By Nadia Simmons
On Thursday, crude oil moved higher on news that OPEC could extend its output-cut deal to non-members after concerns over a surge in U.S. crude and shale production increased. Thanks to these circumstances, light crude climbed to $54 and re-tested the key resistance zone. Will we see another reversal and declines in the coming days?
Let’s examine the charts below to find out:
The overall situation in the medium term remains unchanged as crude oil is still trading in a narrow range between the red gap on the north and the previously-broken long-term red line on the south. Today, we’ll focus on the very short-term changes.
All charts courtesy of
From this perspective, we see that crude oil extended gains and came back to the short-term red declining resistance line (based on the previous highs) and the lower border of the red resistance zone. On the daily chart, we see that this area topped oil bulls several times in the past, which suggests that the history will likely repeat itself once again and we’ll see another reversal and decline in the very near future.
This scenario is also reinforced by the current situation in the WTIC:UDN ratio. As a reminder, UDN is the symbol for the PowerShares DB US Dollar Index Bearish Fund, which moves in the exact opposite direction to the USD Index. Since the USD Index is a weighted average of the dollar’s exchange rates with world’s most important currencies, the WTIC:UDN ratio displays the value of crude oil priced in “other currencies.”
From the long-term perspective, we see that the ratio is still trading under the red resistance zone (created by the 50% Fibonacci retracement, May, June and July highs and reinforced by the 50-month moving average), which suggests that reversal may be just around the corner.

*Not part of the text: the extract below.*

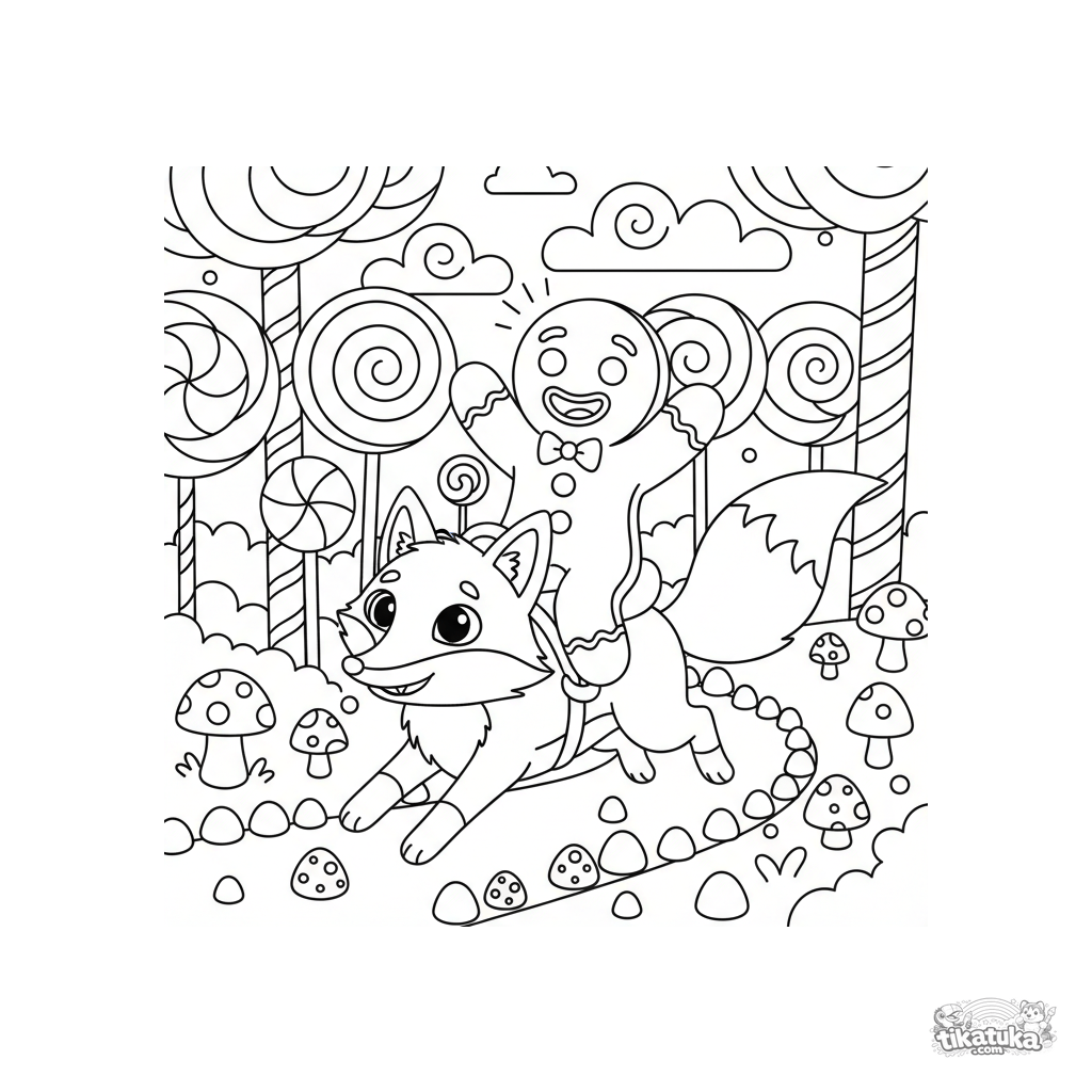 Página para colorir de conto de fadas: um alegre Biscoito de Gengibre monta uma raposa por uma floresta de bastões de doces e árvores de pirulito. Para crianças de 5 a 8 anos. Cena com detalhes de doces.

This scenario is also reinforced by the current position of the indicators, which increased to the levels not seen since 2013. As you see, in all previous cases (marked with red) such high readings of the indicators preceded bigger or smaller downward moves, which increases the probability of declines and lower prices of the commodity.
On top of that, the picture, which emerges from the medium-term chart also doesn’t bode well for higher values of the ratio and crude oil priced in U.S. dollars.
Looking at the weekly chart, we see that although the ratio moved higher in the previous week, it still remains in the blue consolidation under the previously-broken 50% Fibonacci retracement and the upper border of the blue rising trend channel, which suggests that oil bulls may be not as strong as they were in the previous months. Additionally, the CCI generated the sell signals (while the Stochastic Oscillator is very close to doing the same), increasing the probability of a bigger decline in the following weeks.
Finishing today’s alert, we would like to draw your attention to the fact that the ratio is consolidating under the resistance zone similarly to what we saw in 2015 and 2016. In both previous cases, they preceded anther move to the downside. Additionally, the sell signals generated by the CCI preceded sell signals in the Stochastic Oscillator and the acceleration of declines appeared after the latter indicator dropped below the level of 80. As you see, the Stochastic Oscillator is currently slightly below this level, which suggests that another move to the downside is just a matter of time.
Summing up, short positions continue to be justified as crude oil remains under the red resistance zone created by the recent highs and the red gap marked on the weekly chart, which together continue to keep gains in check since the beginning of the year. Additionally, the pro bearish scenario is also seen from the non-USD perspective, which increases the probability of declines in the coming week.
Very short-term outlook: bearish
Short-term outlook: mixed with bearish bias
MT outlook: mixed
LT outlook: mixed
Trading position (short-term; our opinion): Short positions (with a stop-loss order at $56.45 and an initial downside target at $45.81) are justified from the risk/reward perspective.